Rating:

# Lattice ZKP - 150 points - 28 solves
## Lattice-based ZKP (without randomness).

I get into details on the protocol in the writup of *RandomZKP*.

Here we need to find a vector `s` to get the flag. We are given a server that outputs a random vector `r` or `r+s` but not both. After, playing around a bit, we quickly realize that `r` doesn't change between queries and is thus constant.
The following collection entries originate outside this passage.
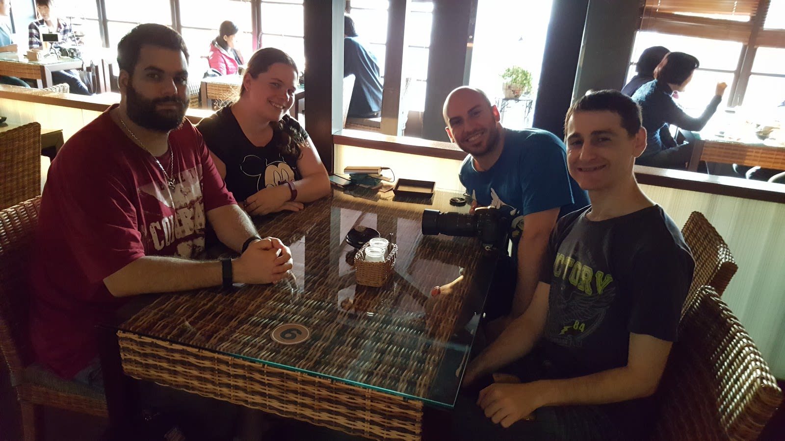 After drying off in the sun for a little bit we packed up our stuff and headed back towards the main town. We were googling a hot spring to go for a proper bath and found Marshal Zen Garden and navigated there. It was a bit of a hike but the view along the way was really nice! We arrived at the spa and there were tiny, winding paths leading between what looked like small huts amongst the trees. When we reached the desk there was some confusion as the staff barely spoke English and they were pretty busy. It took a while, but we eventually worked out the prices and timeslots available. Unfortunately I can’t remember the prices, but they were what you would expect for a mineral spring in Australia, not super cheap. Sarma wasn’t interested in participating so Chris kept Sarma company and they headed back to town for dinner. As it turns out there were only two spots available and they were the last timeslots for the day, which also meant we had some time to kill. Just down the path was a tea house, so Anth, Amy, Rob and I went to get some much needed food and some tea.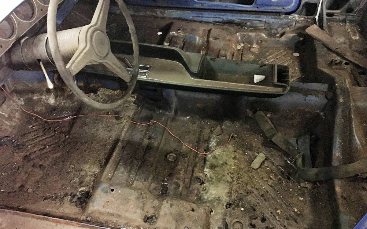 The seller claims they are the second owner and that they’ve had it since 1976. There’s no word on exactly when the paint job was done, but it’s probably safe to assume it was done around the time that it was parked. They note that there are runs in the clear coat, but that painted it in hopes of keeping it from rusting. Speaking of rust, the floors aren’t the worst I’ve ever seen but definitely need work. It would be helpful if they would vacuum up all the dirt and debris for a better look at the issue. It would also be nice to know what interior parts are missing, as they state the interior is 90 to 95 percent complete. So where did the other 5 to 10 percent go?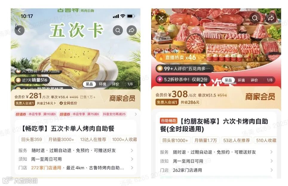 同时,配合品牌上新的次卡套餐等,比如畅吃5次卡、6次卡、8次卡等,实现对目标客群的“提前锁定”。据古鲁特品牌营销负责人介绍,仅刀小刀的单场直播,曝光量就高达1,100万,为品牌后续持续曝光奠定了热度基础。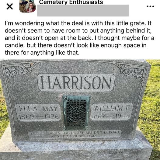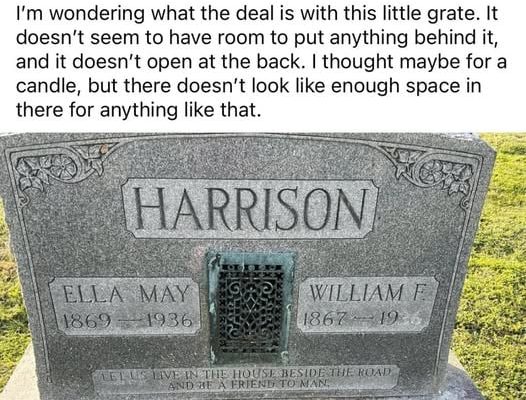 Set into the marker like a secret, the cast-iron grate turns the grave into a threshold rather than an ending. It echoes the old houses of a century ago, where heat rose through patterned vents and families gathered above them, talking, working, laughing. Here, that same humble object becomes a quiet vow: that the comforts of home, once fiercely loved, will not be surrendered even to death.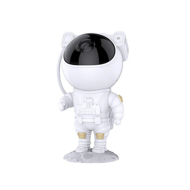 Προτζέκτορας σε σχήμα αστροναύτη, ο οποίος προβάλλει την αστερόεσσα. Δημιουργεί μια εκπληκτική ατμόσφαιρα. Η κεφαλή του αστροναύτη μπορεί να περιστραφεί κατά 360°. Μπορείτε να προβάλλετε τόσο στον τοίχο όσο και στην οροφή. Στη συσκευασία περιλαμβάνεται τηλεχειριστήριο. Μπορείτε να ρυθμίσετε και δύο χρονοδιακόπτες: 45 ή 90 λεπτά. Ο προτζέκτορας μπορεί να χρησιμοποιηθεί και ως λυχνία ύπνου. Διατίθενται 8 διαφορετικά εφέ.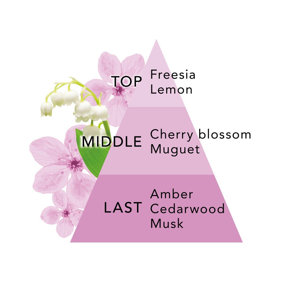 みずみずしいミュゲに、柔らかい甘みのあるサクラを重ね合わせた、シアーで上品な香り。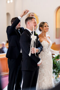 The ceremony unfolded at the breathtaking Annunciation Greek Orthodox Cathedral. Highlighting the rich traditions of a Greek Orthodox service—from the ceremonial crowning to the sharing of the common cup—was a moment to be captured!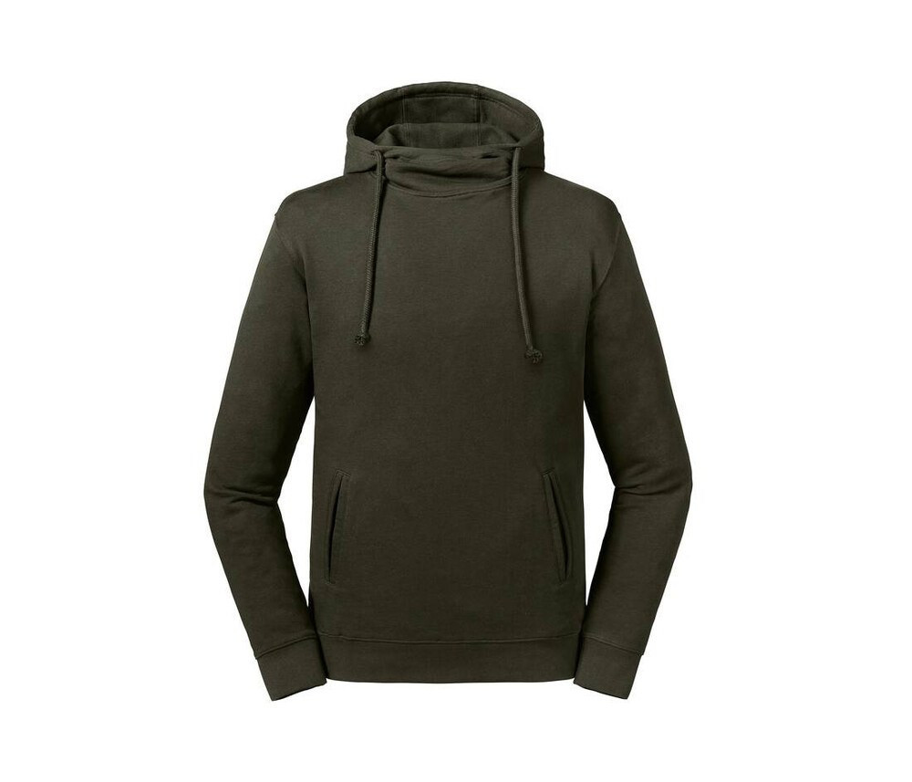Moderni ja istuva leikkaus. Harjaamaton sisäpuoli. Ei tuotemerkkiä, vain kokolappu. Hihansuut ja vyötärö joustinneuletta elastaanilla. Vyötäröllä tikkaukset. Herringbone-nauha kauluksen sisäpuolella. Vuorattu huppu, jossa kontrastiväriset nyörit. Puolikuun muotoinen kaistale sisäpuolella tunnistusta varten. GOTS-sertifioitu.

We therefore ask for `r` then for `r+s`, and get `s=(r+s)-r`. Decrypting the flag is then easy...

Here is the python implementation:
```python
from pwn import *
from Cryptodome.Util.asn1 import DerSequence
from Cryptodome.Util.strxor import strxor
from Cryptodome.Hash import SHAKE256
from binascii import unhexlify
import numpy as np

def get(i):
r = remote('54.159.113.26', 19003)
x = r.recvuntil('Choice: ')
d = DerSequence()
s = unhexlify(x.split(b': ')[1].split(b'\n')[0])
y = d.decode(s)
y = np.array(y)

r.sendline(str(i))
x = r.recvuntil('\n')[:-1]
d = DerSequence()
sss = b'r+s: ' if i else b'r: '
s = unhexlify(x.split(sss)[1])
z = d.decode(s)
z = np.array(z)

r.close()
return z

rs = get(1)
r = get(0)
s = rs-r

flag = open('lattice_zkp/flag.enc','rb').read()
s = bytes(np.mod(s,256).tolist())
shake = SHAKE256.new()
shake.update(s)
pad = shake.read(len(flag))
print(strxor(pad,flag))
```
which outputs the flag `actf{deep_into_that_darkness_learning_with_errors_goes}`.